» **Task instructions**
Repeat every line of the data exactly, but not the pictures.

» **Material provided**

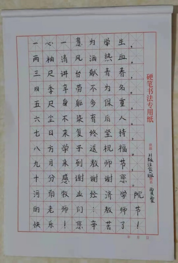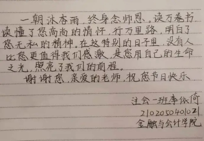 不计辛劳求奉献,三尺讲台夜灯长明,赤诚之心不一般,桃李天下香满人间,英才济济笑开颜。很荣幸能够成为您的学生,同时也像家人一样一起度过四年。虽然被疫情所隔开迟迟无法见面,但是我们的心意是无法阻挡的。希望在以后的日子里我们共同点亮未来的“光”,共同走向辉煌!祝老师教师节快乐!
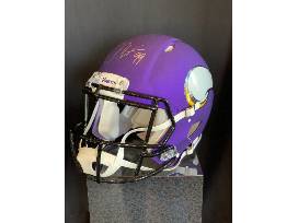 The autographed helmet comes with a letter of authenticity from the Vikings.
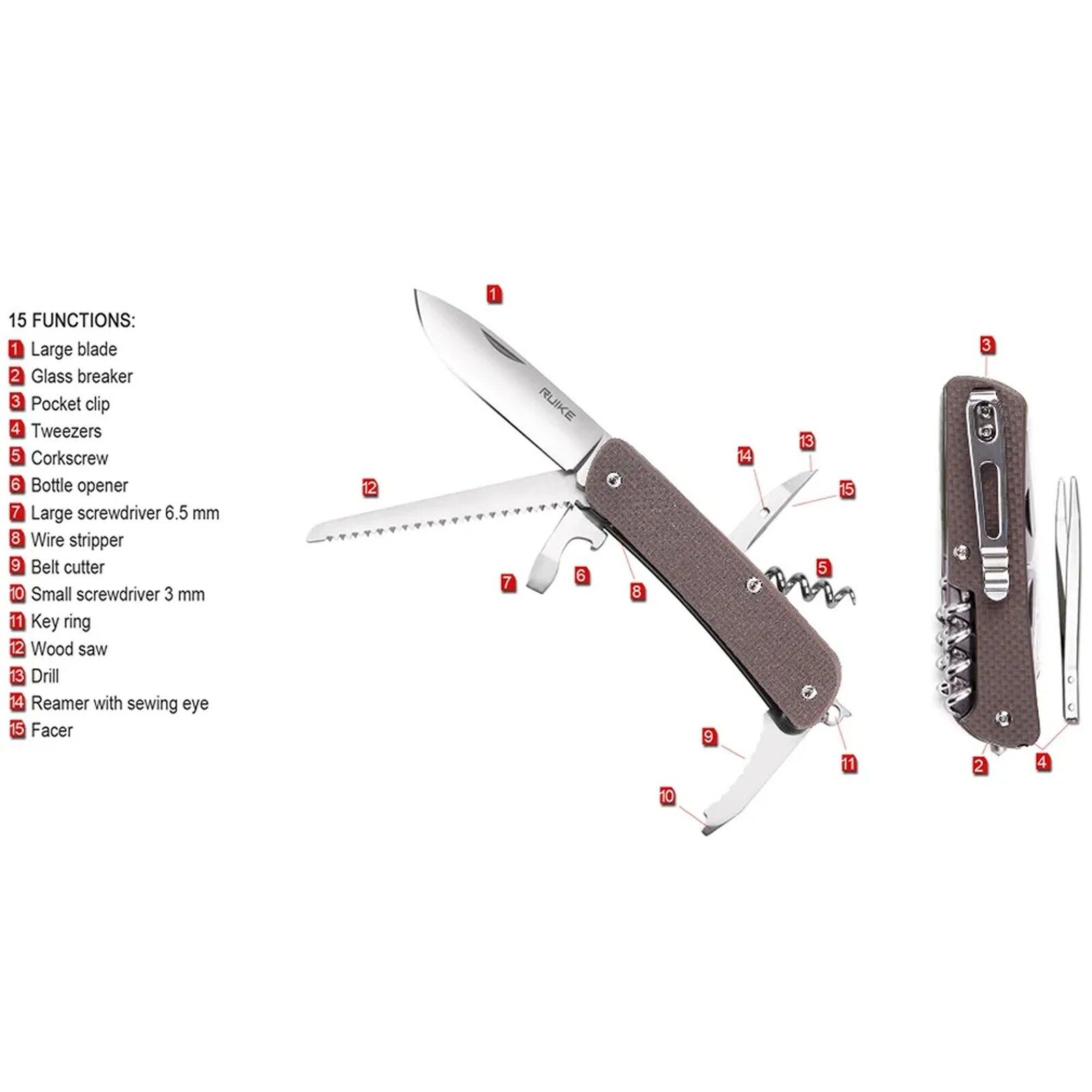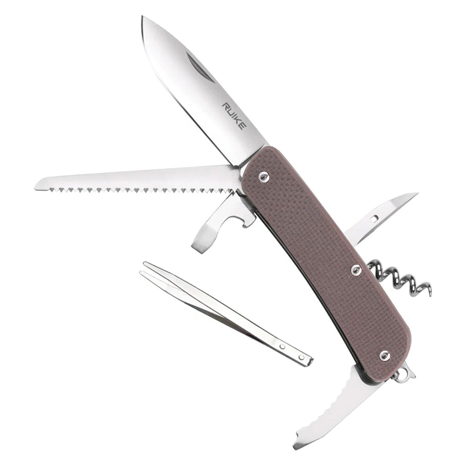 The Ruike M32-N is a seriously capable folding knife, built to handle a surprising number of tasks wherever your day takes you. Compact enough for everyday carry – easily clipped to your pocket or added to your keyring – this knife doesn’t compromise on functionality. The 76mm blade is crafted from durable Sandvik 12C27 stainless steel, known for its strength, resistance to rust, and ability to hold a sharp edge. A robust brown G10 handle provides a secure and comfortable grip, standing up to tough conditions and general wear and tear. Beyond the blade, you’ll find a useful toolkit integrated into the handle, including a glass breaker, tweezers, corkscrew, a selection of screwdrivers (3mm and 6.5mm), a wire stripper, belt cutter, small saw, drill/reamer with a sewing eye, and even a bottle opener. It’s a practical and reliable companion for anyone who appreciates being prepared.

» **Response for this exercise**
 不计辛劳求奉献,三尺讲台夜灯长明,赤诚之心不一般,桃李天下香满人间,英才济济笑开颜。很荣幸能够成为您的学生,同时也像家人一样一起度过四年。虽然被疫情所隔开迟迟无法见面,但是我们的心意是无法阻挡的。希望在以后的日子里我们共同点亮未来的“光”,共同走向辉煌!祝老师教师节快乐!
 The autographed helmet comes with a letter of authenticity from the Vikings.
 The Ruike M32-N is a seriously capable folding knife, built to handle a surprising number of tasks wherever your day takes you. Compact enough for everyday carry – easily clipped to your pocket or added to your keyring – this knife doesn’t compromise on functionality. The 76mm blade is crafted from durable Sandvik 12C27 stainless steel, known for its strength, resistance to rust, and ability to hold a sharp edge. A robust brown G10 handle provides a secure and comfortable grip, standing up to tough conditions and general wear and tear. Beyond the blade, you’ll find a useful toolkit integrated into the handle, including a glass breaker, tweezers, corkscrew, a selection of screwdrivers (3mm and 6.5mm), a wire stripper, belt cutter, small saw, drill/reamer with a sewing eye, and even a bottle opener. It’s a practical and reliable companion for anyone who appreciates being prepared.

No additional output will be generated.